Top of Dataset
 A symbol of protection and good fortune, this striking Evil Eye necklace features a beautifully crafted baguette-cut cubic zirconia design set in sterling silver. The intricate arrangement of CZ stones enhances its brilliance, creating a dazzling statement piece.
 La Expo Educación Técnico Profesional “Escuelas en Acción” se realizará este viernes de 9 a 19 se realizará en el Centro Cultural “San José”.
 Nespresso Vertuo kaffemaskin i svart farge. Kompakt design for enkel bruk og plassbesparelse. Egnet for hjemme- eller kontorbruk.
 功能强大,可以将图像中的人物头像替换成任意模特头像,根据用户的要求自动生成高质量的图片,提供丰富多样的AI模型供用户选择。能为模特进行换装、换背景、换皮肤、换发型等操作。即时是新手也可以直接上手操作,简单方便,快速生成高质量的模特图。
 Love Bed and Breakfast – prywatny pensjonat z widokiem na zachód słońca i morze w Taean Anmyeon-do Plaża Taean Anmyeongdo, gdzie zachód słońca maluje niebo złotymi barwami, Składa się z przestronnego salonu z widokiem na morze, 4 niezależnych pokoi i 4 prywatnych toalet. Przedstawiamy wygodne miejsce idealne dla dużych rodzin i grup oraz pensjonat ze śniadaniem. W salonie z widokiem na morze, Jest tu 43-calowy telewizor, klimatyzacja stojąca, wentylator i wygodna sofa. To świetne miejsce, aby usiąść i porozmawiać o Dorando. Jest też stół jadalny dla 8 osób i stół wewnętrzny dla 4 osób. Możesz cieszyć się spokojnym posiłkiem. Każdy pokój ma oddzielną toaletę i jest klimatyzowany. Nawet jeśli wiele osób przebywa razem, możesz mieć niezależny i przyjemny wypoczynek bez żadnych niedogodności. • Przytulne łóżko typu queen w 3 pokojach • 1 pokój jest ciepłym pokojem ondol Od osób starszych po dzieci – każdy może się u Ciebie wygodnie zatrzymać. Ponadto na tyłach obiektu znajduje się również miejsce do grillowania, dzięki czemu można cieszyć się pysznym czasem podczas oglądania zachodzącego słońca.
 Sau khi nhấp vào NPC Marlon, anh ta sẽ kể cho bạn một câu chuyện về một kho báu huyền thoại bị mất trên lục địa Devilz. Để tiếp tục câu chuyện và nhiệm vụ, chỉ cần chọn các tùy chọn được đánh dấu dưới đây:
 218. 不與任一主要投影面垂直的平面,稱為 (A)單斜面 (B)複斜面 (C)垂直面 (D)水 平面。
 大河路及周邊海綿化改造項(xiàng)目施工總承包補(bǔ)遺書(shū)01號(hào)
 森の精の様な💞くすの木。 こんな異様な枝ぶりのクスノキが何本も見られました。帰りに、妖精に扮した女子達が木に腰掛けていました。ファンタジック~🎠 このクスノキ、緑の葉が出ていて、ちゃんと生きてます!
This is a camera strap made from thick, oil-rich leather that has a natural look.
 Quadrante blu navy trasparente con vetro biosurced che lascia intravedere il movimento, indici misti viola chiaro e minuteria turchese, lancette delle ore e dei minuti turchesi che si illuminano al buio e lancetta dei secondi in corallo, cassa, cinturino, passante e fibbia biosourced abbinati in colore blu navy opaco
Bottom of Dataset
→ Brief
Only the lines from the start of the data to the line holding "功能强大,可以将图像中的人物" are wanted; return them exactly, both ends included.

→ Answer below
 A symbol of protection and good fortune, this striking Evil Eye necklace features a beautifully crafted baguette-cut cubic zirconia design set in sterling silver. The intricate arrangement of CZ stones enhances its brilliance, creating a dazzling statement piece.
 La Expo Educación Técnico Profesional “Escuelas en Acción” se realizará este viernes de 9 a 19 se realizará en el Centro Cultural “San José”.
 Nespresso Vertuo kaffemaskin i svart farge. Kompakt design for enkel bruk og plassbesparelse. Egnet for hjemme- eller kontorbruk.
 功能强大,可以将图像中的人物头像替换成任意模特头像,根据用户的要求自动生成高质量的图片,提供丰富多样的AI模型供用户选择。能为模特进行换装、换背景、换皮肤、换发型等操作。即时是新手也可以直接上手操作,简单方便,快速生成高质量的模特图。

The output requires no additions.